B. Saran Guna mencapai keberhasilan proses integrasi implementasi kebijakan KJS dan JKN serta meminimalisir dampak negatif yang disebabkan oleh faktor penghambat implementasi kebijakan maka setidaknya terdapat berapa saran, diantaranya yaitu: 1. Pihak Pemerintah DKI Jakarta yang notabene memiliki anggaran yang cukup berlimpah untuk alokasi Pembiayaan Pelayanan Jaminan Kesehatan Masyarakat, dianjurkan untuk melaksanakan kembali kebijakan Top Up untuk mengurangi selisih pembiayaan rumah sakit swasta. Hal tersebut dikarenkan pihak RS swasta dalam operasionalnya tidak mendapatkan subsidi dari pihak Pemerintah sehingga memerlukan tambahan biaya yang dapat menutupi selisih pembiayaan. Dengan diberlakukannya kebijakan top up ini diharapkan partisipasi pihak RS swasta akan semakin meningkat dan berdampak pada peningkatan ketersediaan fasilitas kesehatan di DKI Jakarta. 2. Selanjutnya Pemerintah Pusat harus mengambil langkah tegas untuk memilih kebijakan dibidang Jaminan Kesehatan yang akan dilanjutkan yaitu antara JKN atau KIS. Langkah alternatif lain yang dapat dipilih ialah dengan melebur salah satu kebijakan kedalam kebijakan lain. Hal tersebut perlu dilakukan mengingat keterbatasan sumber daya di berbagai daerah dan juga demi efisiensi dan efektifitas anggaran APBN dan APBD. Setelah adanya kejelasan terkait kebijakan yang dipilih oleh Pemerintah maka langkah selanjutnya ialah Pemerintah sesegera mungkin melakukan penyeragaman baik dalam dari segi bentuk, desain serta nomenklatur kartu jaminan kesehatan yang bertujuan
untuk mengurangi keselapahaman terkait adanya perbedaan atau diskriminasi pelayanan dari setiap jenis kartu. 3. Sebagai salah satu penentu keberhasilan impelementasi kebijakan, sosialiasi kepada masyarakat terkait esensi dan substansi kebijakan perlu diperbaiki dan ditingkatkan. Terutama metode sosialisasi secara langsung antara implementer garda depan kepada target sasaran, dengan begitu proses penyaluran informasi kepada target sasaran akan lebih efektif. Mengingat keterbatasan sumber daya manusia yang ada, Pemerintah pusat maupun daerah dapat bekerjasama dengan pihak puskesmas di tingkat kecamatan dan kelurahan untuk melakukan sosialisasi kebijakan dan juga bekerjasama dengan para kader kesehatan, PKK dan jumantik yang lebih dekat dengan masyarakat.

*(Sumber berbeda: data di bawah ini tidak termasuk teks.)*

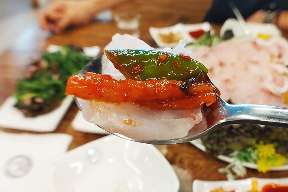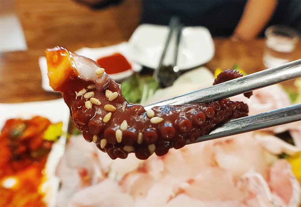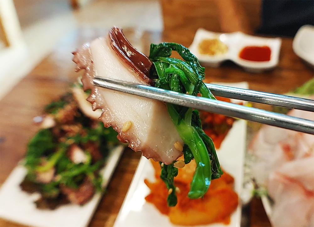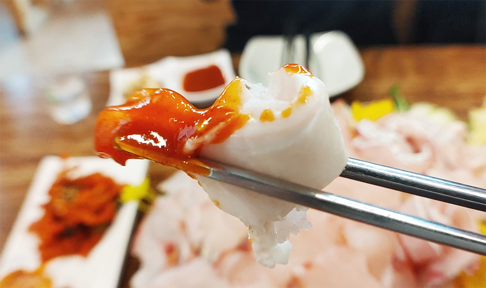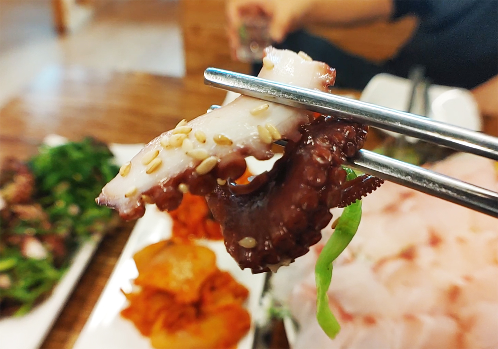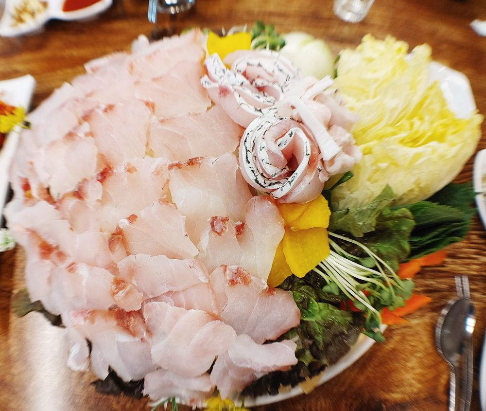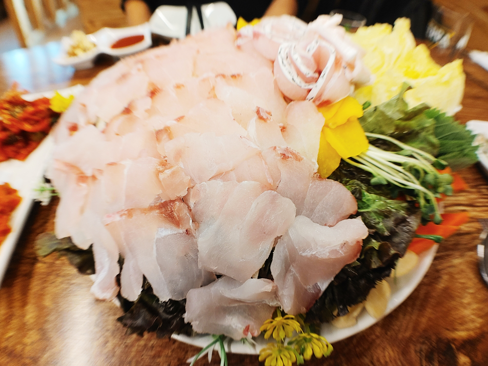 남도술상 마포용강점의 민어회와 싸비스 문어숙회 그리고 홍어회입니다.
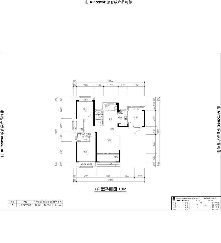3室2厅2卫-君华御庭A户型平面图

Selain melakukan sosialiasi secara langsung, Pemerintah juga harus dapat memanfaatkan kemajuan teknologi seperti sosialiasi melalui media elektronik dan jejaring media sosial yang saat ini sedang menjadi trend di masyarakat. Apabila caracara tersebut masih sulit untuk dilakukan maka minimal Pemerintah memberikan buku panduan atau berupa brosur yang berisi informasi terkait hak dan kewajiban peserta JKN-BPJS, masa berlaku kartu peserta, pelayanan yang ditanggung dan tidak ditanggung oleh JKN-BPJS, jenjang pelayanan, metode keluhan dan informasi penting lainnya yang terkait dengan kebijakan. 4. Mengingat sifat kebijakan yang berlaku secara nasional maka perlu adanya pemerataan kualitas dan kuantitas sumber daya di setiap daerah terutama ketersediaan sumber daya manusia dan fasilitas kesehatan. Oleh karenannya baik Pemerintah pusat maupun Pemerintah Daerah berkewajiban menyediakan
fasilitas kesehatan yang memadai yang diejawantahkan dalam peningkatan anggaran infrasturktur kesehatan dalam APBN maupun APBD. Dalam kasus integrasi implementasi kebijakan KJS dan JKN di DKI Jakarta maka Pemerintah Pusat dan Pemerintah Daerah yang bebatasan dengan DKI Jakarta harus bekerjasama untuk menambah fasilitas kesehatan yang ada minimal untuk mencapai rasio yang ideal antara perbandingan jumlah penduduk dengan fasilitas kesehatan.